In his monthly report given directly before public comment Tuesday night, Postel told jurors he would be arranging individual meetings with each one of them “to sit down and discuss with me personally anything that might be on your mind about the police jury, how we may do anything different or better, or anything I might do to improve my performance.”
He also thanked those who he said were present on his behalf.
“The overwhelming support that has been poured out to me in the past two weeks has been stunning,” Postel said. “I’m a very blessed man.”
Some commenters also turned their ire to the jury’s rejecting an earlier proposal from the Ruston Fire Department for EMS and rescue service for 2023, as well as the lengthy process to come up with another solution.

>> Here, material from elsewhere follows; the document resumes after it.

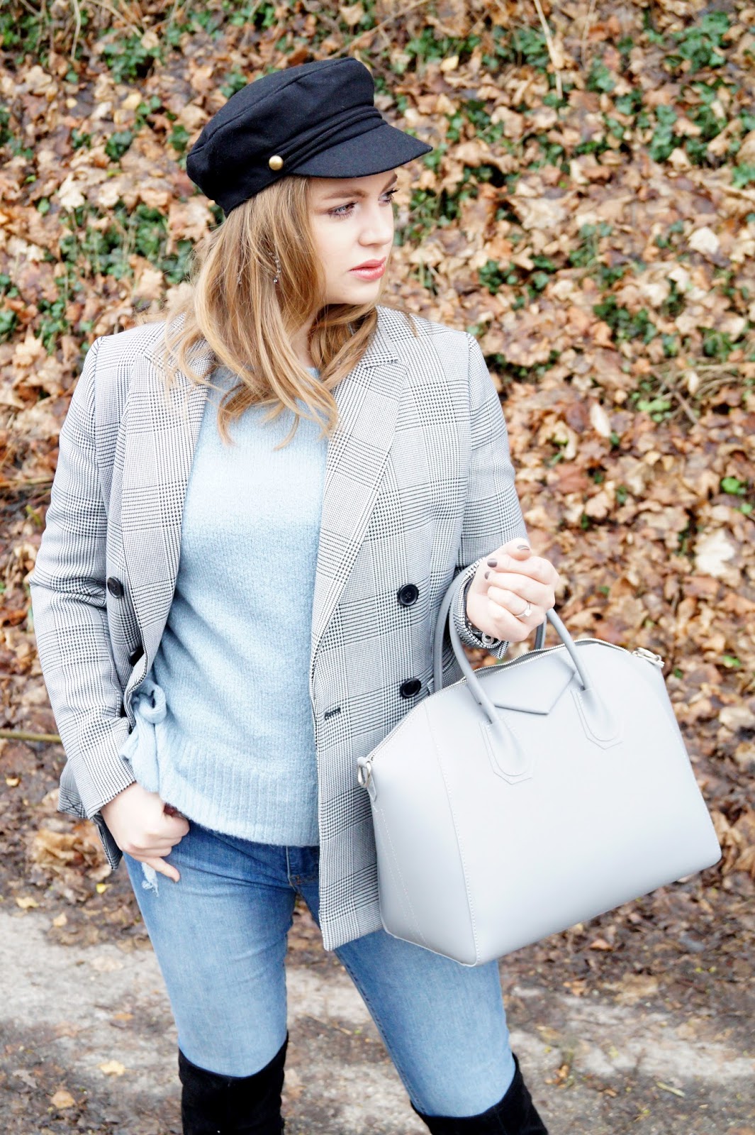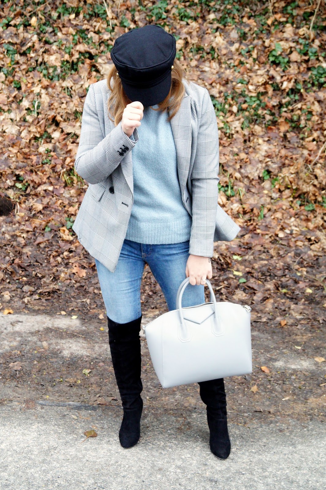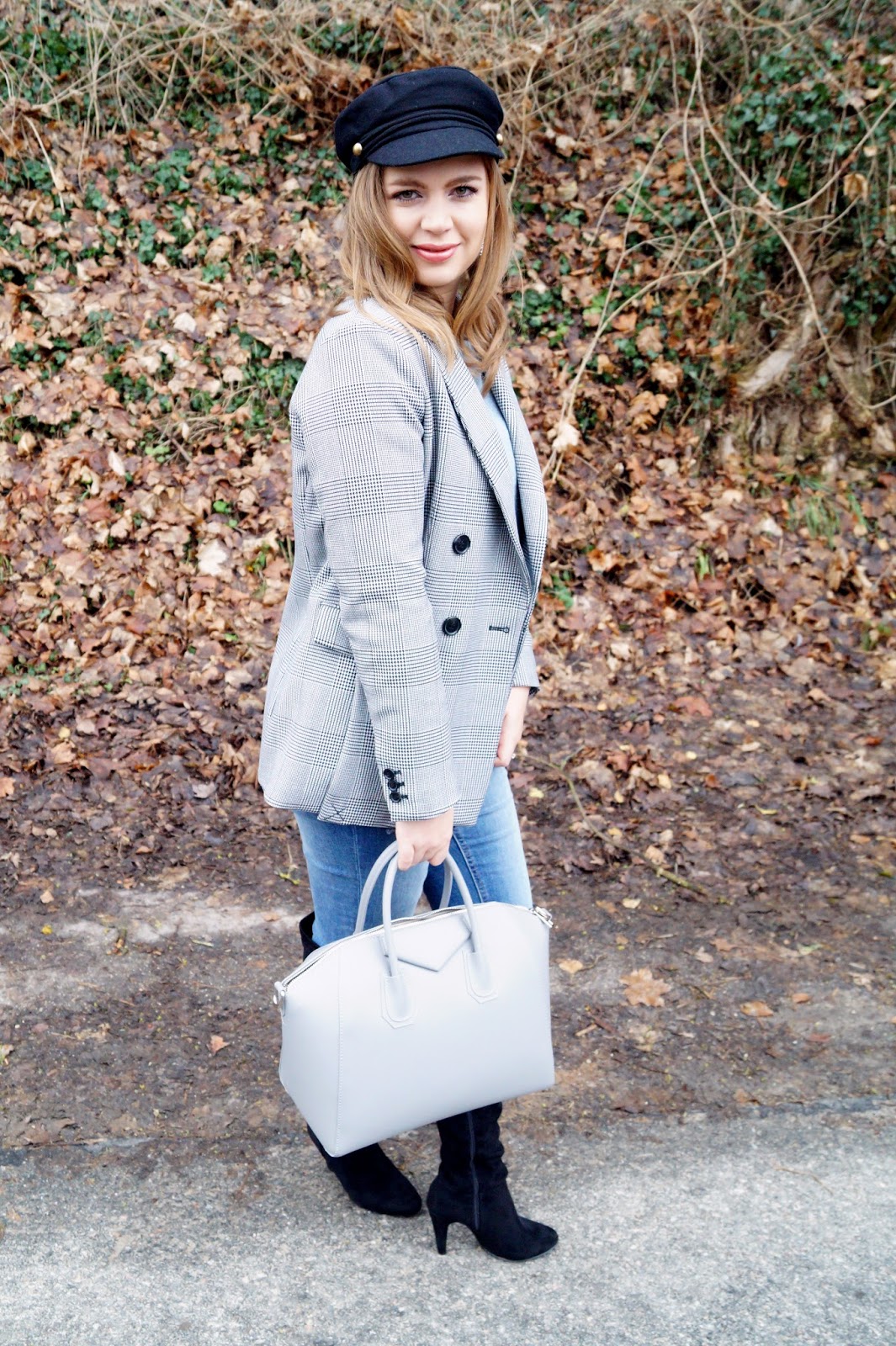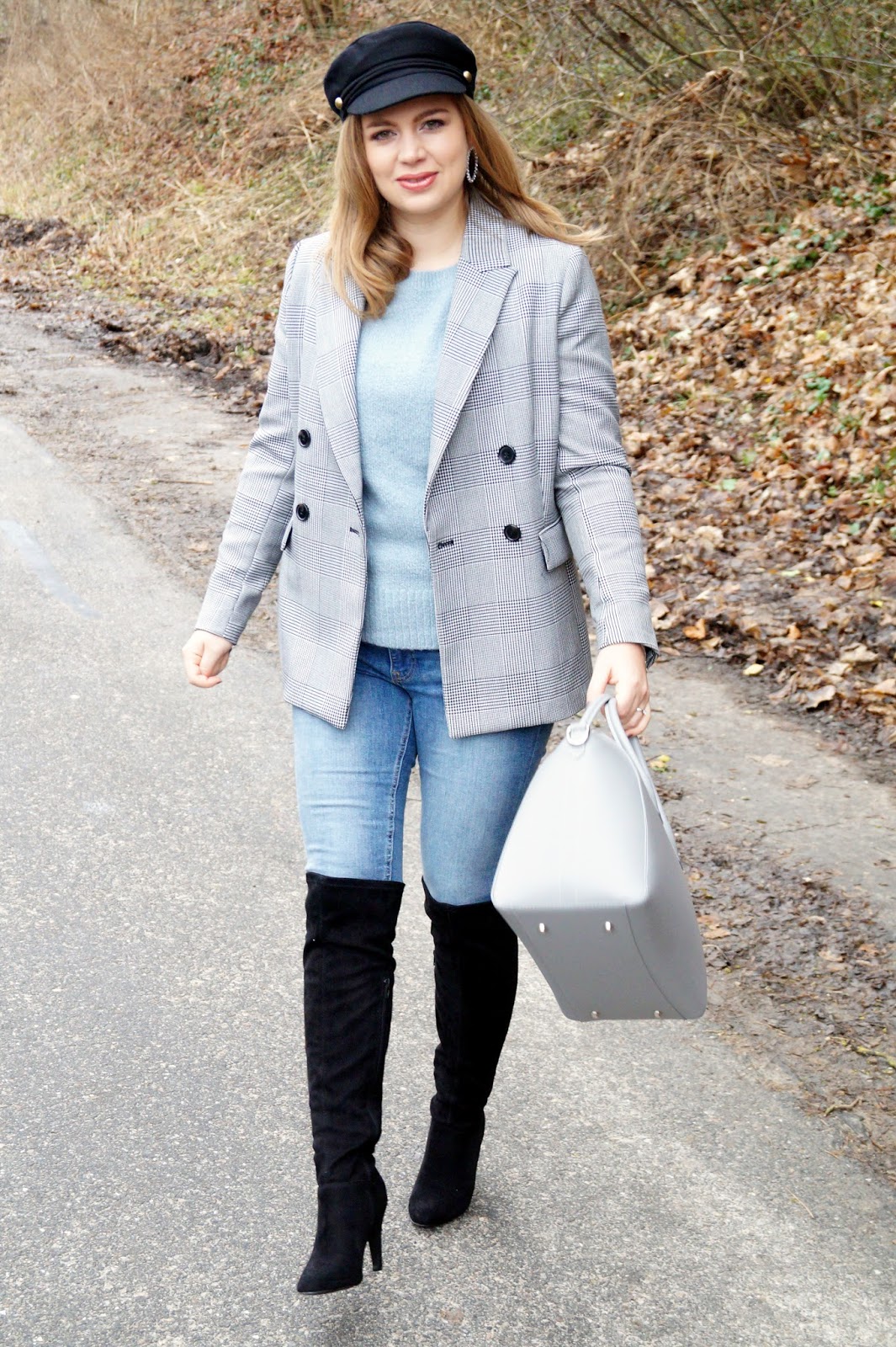 glencheck blazer H&M / pullover H&M sold out similar here and here / earrings H&M sold out similar here and here / denim H&M sold out similar here and here / otk boots Wallis Paris similar here and here / cadett cap H&M sold out similar here and here / bag Fashion Drug

“When the ambulance vote came up, some of you voted ‘no’ and haven’t talked to either fire chief, anyone from Pafford, or our sheriff, the four people who handle our first responding,” local restaurant owner Chris “Moose” Garriga said.

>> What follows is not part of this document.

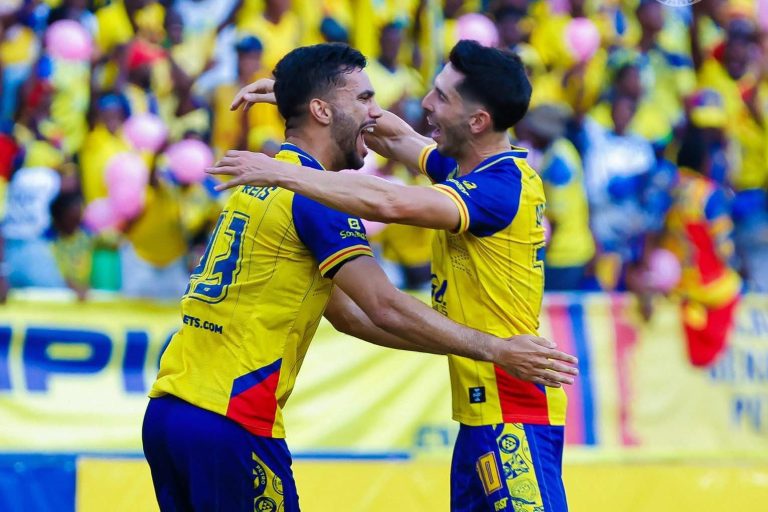 Petro Luanda surprend l’ES Tunis grâce à Tiago Reis. Le Brésilien est trouvé à l’entrée de la surface, il enroule du droit, Béchir Ben Said ne bouge pas et constate les dégâts.
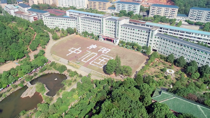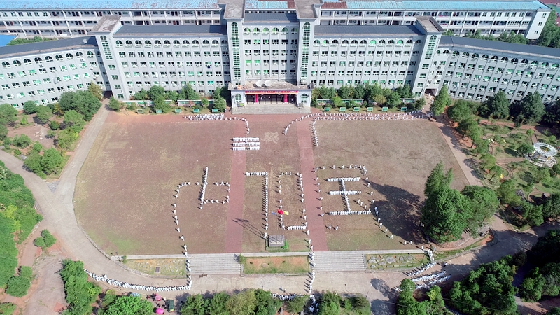 小学部六年级全体学生承担表演。雄伟的教学大楼做背景,宽阔的学校广场作平台,年级主任蒋飞组织学生从广场四周跑步进场,不一会“中国”“70”“耒阳”的造型完美地呈现在观众眼前。

“So to hear all the stuff about ‘the city held us hostage’ — the city gave us a brother-in-law deal. The hostage-takers are sitting around these tables.”
The ambulance committee expects to receive and review the latest contract proposals at a meeting this morning before potentially making its recommendation to the jury next week.
The “brother-in-law deal” Garriga mentioned refers to an original $120,000 offer from the city made to jury leadership in early 2021 that never made it to the full jury for a vote. Garriga wasn’t the only one who expressed disappointment on that front.
“If I’m understanding this straight, we blew a deal of $120,000,” said local radio personality Rick Godley.
Comments on both topics were punctuated with applause from what appeared to be the vast majority of the record crowd. Multiple commenters suggested some jurors should be voted out in next year’s elections.
Jurors are under no obligation to respond to public comments and did not do so. President Richard Durrett reminded commenters that the period was not a question-and-answer session.
After the meeting, Postel said he hopes the situation surrounding his employment won’t stand in the way of progress for the parish.
We have a lot of important business to do for the citizens of this parish,” he said. “My hope is the jury can find a way to cooperate with one another and work with those of us in the administration offices to move forward with the goals we have and get some things done for the people of Lincoln Parish.”
Some commenters, like frequent attendee Bill Smith, seemed skeptical progress would be made anytime soon.
“This might be a pretty good time to start sending some of the jurors home when they can’t sit down and look out for what’s best for this parish,” Smith said.